HELSINKI, Finland—Sonera, the Helsinki-based telecom company, has abandoned its fixed monthly connection charge for its consumer General Packet Radio Service (GPRS) offering in a move designed to increase use of the service.
Under Sonera’s new policy, all subscribers to Sonera’s GSM service in Finland can log onto the GPRS network if they own a compatible handset. “We hope that this greater and cheaper ease of access will boost overall usage,” said Heikki Marttimo, Sonera’s product manager.
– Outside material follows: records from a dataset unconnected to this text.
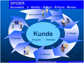 - 5 bewährte Prozess-Schritte: Die Schritte zur Erbringung der gewünschten Leistung erfolgen nach dem Stufenkonzept SPIDER und stehen Ihnen modular zur Verfügung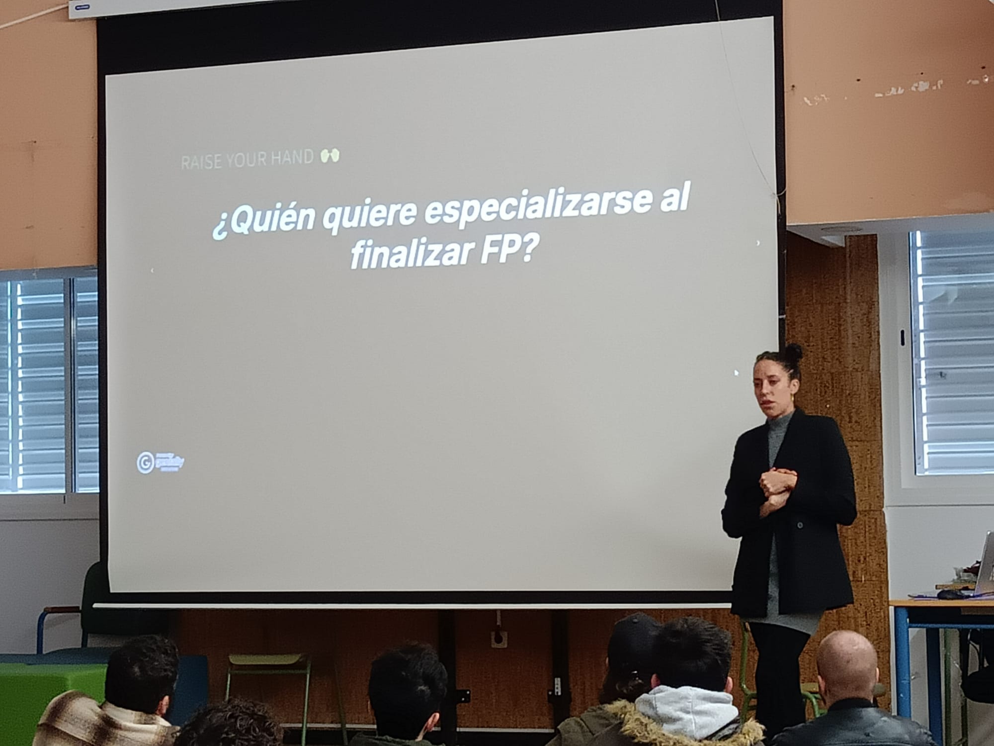 El alumnado mostró desde el comienzo un alto grado de participación, planteando preguntas, compartiendo inquietudes y mostrando interés por las oportunidades de desarrollo profesional que ofrece el sector. La interacción permitió enriquecer el encuentro y conectar la teoría que se trabaja en el aula con la realidad empresarial.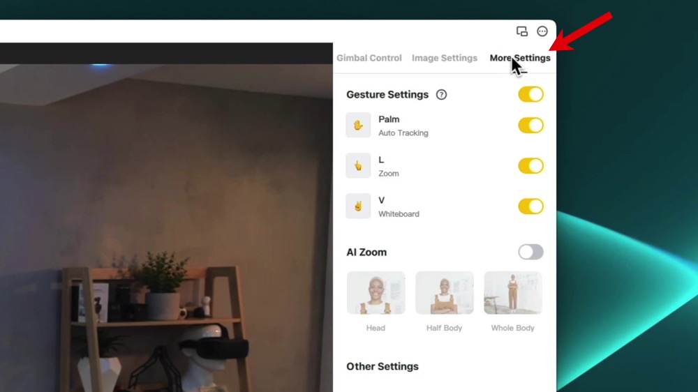 There’s some really cool stuff in the More Settings tab as well. This is where you’ll find the gesture tracking settings.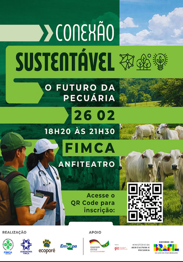 A Ecoporé realiza no dia 26 de fevereiro o seminário Conexão Sustentável: O Futuro da Pecuária, no Anfiteatro da FIMCA, em Porto Velho. O encontro reunirá estudantes, técnicos e especialistas para discutir estratégias voltadas à eficiência produtiva, regularização ambiental e adoção de práticas sustentáveis na pecuária. Para se inscrever, basta acessar o link ( https://docs.google.com/forms/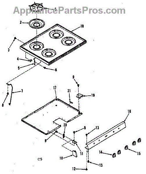 By Whirlpool. Round chrome drip pan for gas ranges and cooktops made by Whirlpool, Roper, Kitchen Aid, and Kenmore (model number prefix 106, 655). Size: 8-5/8" OD. Has three openings. Matching grate: WB31K5027.

Additionally, Sonera has decided to waive connection charges for Sonera Group’s Open and Pro Data services for active users and its Company Data service for corporate customers until 28 February. However, the per-kilobyte charge will also apply to these services in the future. As a further inducement, users of the Open Data service will not be charged for using Sonera’s Wireless Application Protocol (WAP) services throughout 2002.
Sonera launched its GPRS service in November 2000. At that time, users were levied a fixed charge of US$14.34. Under the new regime, users are charged for use only, with each kilobyte of data costing US$0.01.
“Sonera has several thousand GPRS users, both private and corporate, and we are more or less at the level we anticipated. Quite obviously, we want to go much higher,” said Marttimo.
The Finnish telecom is banking on users reacting positively to the new introduction of a low-entry product. “What we have done is positive for users, and critical for WAP services,” said Marttimo.
The Sonera service also enables the receiving of telephone calls during a GPRS connection. Users can also check data transmission costs by sending text messages.